Dataset items
● ● ● ● ● ● ●

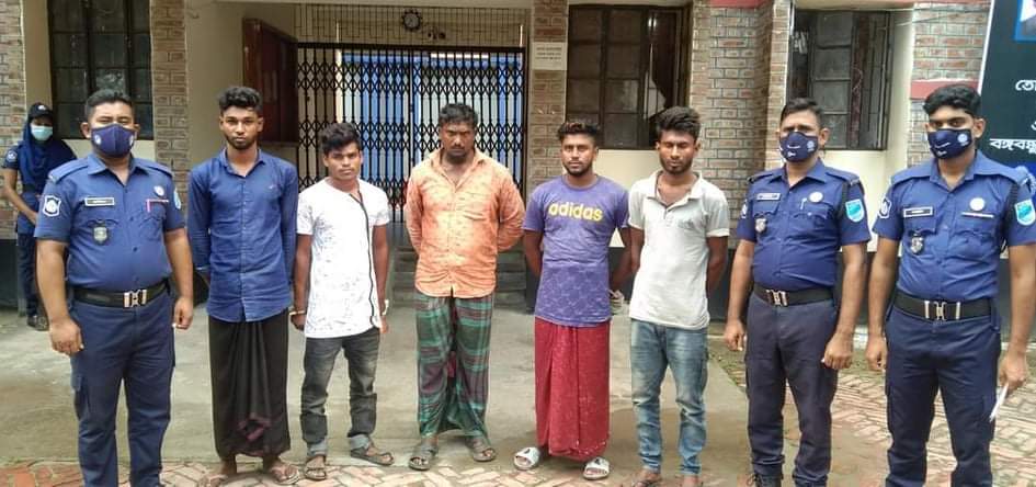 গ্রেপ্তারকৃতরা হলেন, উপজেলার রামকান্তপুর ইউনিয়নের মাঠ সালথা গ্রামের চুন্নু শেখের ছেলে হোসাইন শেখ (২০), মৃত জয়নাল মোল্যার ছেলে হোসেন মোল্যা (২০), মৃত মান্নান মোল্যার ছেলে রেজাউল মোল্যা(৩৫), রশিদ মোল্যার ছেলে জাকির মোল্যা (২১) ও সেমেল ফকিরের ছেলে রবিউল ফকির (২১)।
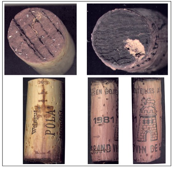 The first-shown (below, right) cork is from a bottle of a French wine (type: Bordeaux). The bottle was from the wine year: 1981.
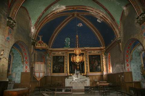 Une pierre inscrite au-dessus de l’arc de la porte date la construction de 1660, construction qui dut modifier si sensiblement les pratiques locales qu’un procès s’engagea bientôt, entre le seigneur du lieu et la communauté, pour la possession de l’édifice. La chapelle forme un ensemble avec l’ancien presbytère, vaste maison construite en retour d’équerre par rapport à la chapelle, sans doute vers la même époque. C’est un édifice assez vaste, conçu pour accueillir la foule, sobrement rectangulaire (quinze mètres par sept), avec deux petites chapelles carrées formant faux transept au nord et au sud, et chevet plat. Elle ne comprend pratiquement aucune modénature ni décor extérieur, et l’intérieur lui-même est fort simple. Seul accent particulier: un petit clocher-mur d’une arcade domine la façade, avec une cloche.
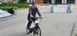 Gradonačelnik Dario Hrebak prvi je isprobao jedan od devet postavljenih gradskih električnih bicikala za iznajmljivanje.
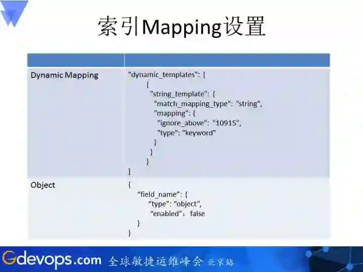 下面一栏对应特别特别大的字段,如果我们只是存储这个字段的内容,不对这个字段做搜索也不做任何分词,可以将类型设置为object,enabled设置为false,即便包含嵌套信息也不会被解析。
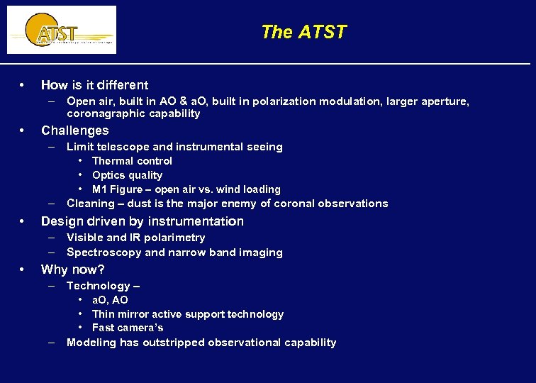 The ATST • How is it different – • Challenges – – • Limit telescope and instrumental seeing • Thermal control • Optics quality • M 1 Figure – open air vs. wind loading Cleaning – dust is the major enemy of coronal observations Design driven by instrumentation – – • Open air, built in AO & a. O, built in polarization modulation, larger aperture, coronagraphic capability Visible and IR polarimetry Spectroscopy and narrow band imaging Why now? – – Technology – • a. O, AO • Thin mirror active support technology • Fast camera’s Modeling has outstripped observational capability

● ● ● ● ● ● ●

— AIM OF THE TASK —
All of the data above should be printed again exactly, though none of the pictures belong in the copy.

— ANSWER TO THIS PROBLEM —
 গ্রেপ্তারকৃতরা হলেন, উপজেলার রামকান্তপুর ইউনিয়নের মাঠ সালথা গ্রামের চুন্নু শেখের ছেলে হোসাইন শেখ (২০), মৃত জয়নাল মোল্যার ছেলে হোসেন মোল্যা (২০), মৃত মান্নান মোল্যার ছেলে রেজাউল মোল্যা(৩৫), রশিদ মোল্যার ছেলে জাকির মোল্যা (২১) ও সেমেল ফকিরের ছেলে রবিউল ফকির (২১)।
 The first-shown (below, right) cork is from a bottle of a French wine (type: Bordeaux). The bottle was from the wine year: 1981.
 Une pierre inscrite au-dessus de l’arc de la porte date la construction de 1660, construction qui dut modifier si sensiblement les pratiques locales qu’un procès s’engagea bientôt, entre le seigneur du lieu et la communauté, pour la possession de l’édifice. La chapelle forme un ensemble avec l’ancien presbytère, vaste maison construite en retour d’équerre par rapport à la chapelle, sans doute vers la même époque. C’est un édifice assez vaste, conçu pour accueillir la foule, sobrement rectangulaire (quinze mètres par sept), avec deux petites chapelles carrées formant faux transept au nord et au sud, et chevet plat. Elle ne comprend pratiquement aucune modénature ni décor extérieur, et l’intérieur lui-même est fort simple. Seul accent particulier: un petit clocher-mur d’une arcade domine la façade, avec une cloche.
 Gradonačelnik Dario Hrebak prvi je isprobao jedan od devet postavljenih gradskih električnih bicikala za iznajmljivanje.
 下面一栏对应特别特别大的字段,如果我们只是存储这个字段的内容,不对这个字段做搜索也不做任何分词,可以将类型设置为object,enabled设置为false,即便包含嵌套信息也不会被解析。
 The ATST • How is it different – • Challenges – – • Limit telescope and instrumental seeing • Thermal control • Optics quality • M 1 Figure – open air vs. wind loading Cleaning – dust is the major enemy of coronal observations Design driven by instrumentation – – • Open air, built in AO & a. O, built in polarization modulation, larger aperture, coronagraphic capability Visible and IR polarimetry Spectroscopy and narrow band imaging Why now? – – Technology – • a. O, AO • Thin mirror active support technology • Fast camera’s Modeling has outstripped observational capability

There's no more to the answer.